Pandit - Pack Your Bags

Depois do single Artichoke, o projecto do cantor texano Lance Smith, a.k.a Pandit, volta a surgir com uma música e um vídeo sobre amores desencontrados em Pack Your Bags. Esta faixa está incluída no álbum ainda não publicado Eternity Spin.

 

 

 

Coma Cinema - Only

Conheci recentemente os Coma Cinema e gostei muito; Por isso estão por aqui hoje. São americanos e lançaram recentemente o seu segundo disco, Stoned Alone. Com uma sonoridade que varia entre o folk, lo-fi e indie e uma grande mistura de ritmos, têm um som bastante envolvente e cativante. Only navega pelos sentimentos; É uma canção boa para estes dias frios e um pouco cinzentos, muito bonita e que vale a pena ouvir!

 

 

The Very Most - Away In A Manger

A canção de Natal Away In A Manger foi ouvida pela primeira vez em 1885, em ambiente luterano, o que originou a ideia errada que o seu autor teria sido Martinho Lutero; Na verdade, o autor do original, pelo que percebi, é desconhecido. Deixo esta versão, atrasada quase um mês, dos americanos The Very Most.

 

 

 

R.E.M. - Mine Smell Like Honey

Eis o primeiro single oficial retirado de Collapse Into Now, o novo álbum da minha banda favorita, os norte-americanos R.E.M.. A música chama-se Mine Smell Like Honey e já se ouve em algumas rádios. Collapse Into Now, como tenho referido por cá com alguma insistência, chega às lojas a 7 de março e inclui participações de nomes como Eddie Vedder (Pearl Jam), Patti Smith e a canadiana Peaches.

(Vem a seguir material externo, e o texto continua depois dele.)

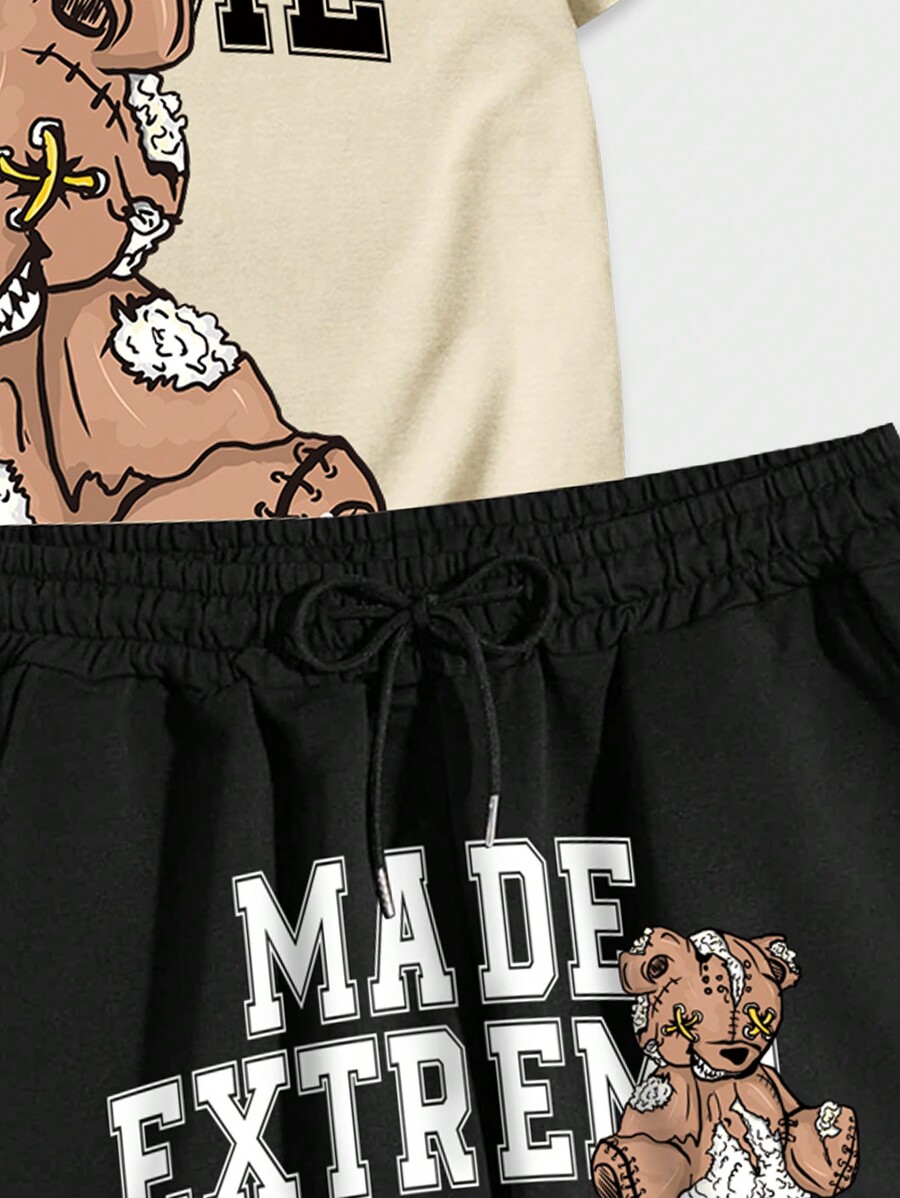 Street Life Men Bear Letter Graphic Tee & Striped Trim Drawstring Shorts, School

Pelas três amostras que já conheço do disco, parece-me que não vai ser um álbum fácil para quem não é fã incondicional da banda, ou seja, mais uma vez, as altas expectativas poderão sair goradas. Por cá já não consigo esconder alguma decepção; Ainda não notei grandes diferenças em relação a Accelerate, o disco da banda que menos gosto e antecessor deste Collapse Into Now. Pode ser que o resto do álbum me surpreenda...

 

 

James - Of Monsters Heroes And Men

Hey Ma é o décimo álbum de estúdio dos britânicos James, uma das minhas bandas de eleição e já lançado em Abril de 2008. Confesso que nunca dei grande atenção aos trabalhos desta banda depois do regresso deles ao activo em 2007, salvo erro. Os discos lançados pelos James na década de noventa causaram-me demasiado impacto e emoção para achar que alguma vez voltariam a ter sobre mim o mesmo efeito. Lembro-me perfeitamente que me despedi oficialmente deles com Alaskan Pipeline, música que encerra Pleased To Meet You (2002) e a última canção desta banda de Manchester que me levou à lua.

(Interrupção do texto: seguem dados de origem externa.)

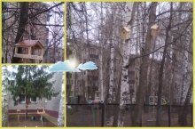 Родители с детьми,воспитатели встречая весну, развесили скоречники и кормушки, их уже обживают птицы...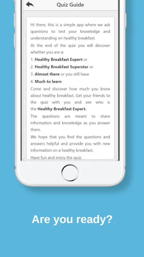 Free Trivia Game. Questions & Answers. Healthy Breakfast provides you with an app that you can use to discover and test your general knowledge on a healthy breakfast. The answers will help you to understand and make better decisions for your health and well-being.

Agora, depois de ouvir Of Monsters Heroes And Men confesso que me sinto arrependido pela tal pouca atenção e com vontade de recuperar  o tempo perdido. É fantástico voltar a ouvir a voz de Tim Booth a fazer-me sentir arrepios e a obrigar-me a olhar mais uma vez para o alto, nestas últimas noites frias, mas de lua cheia, dentro do meu casulo.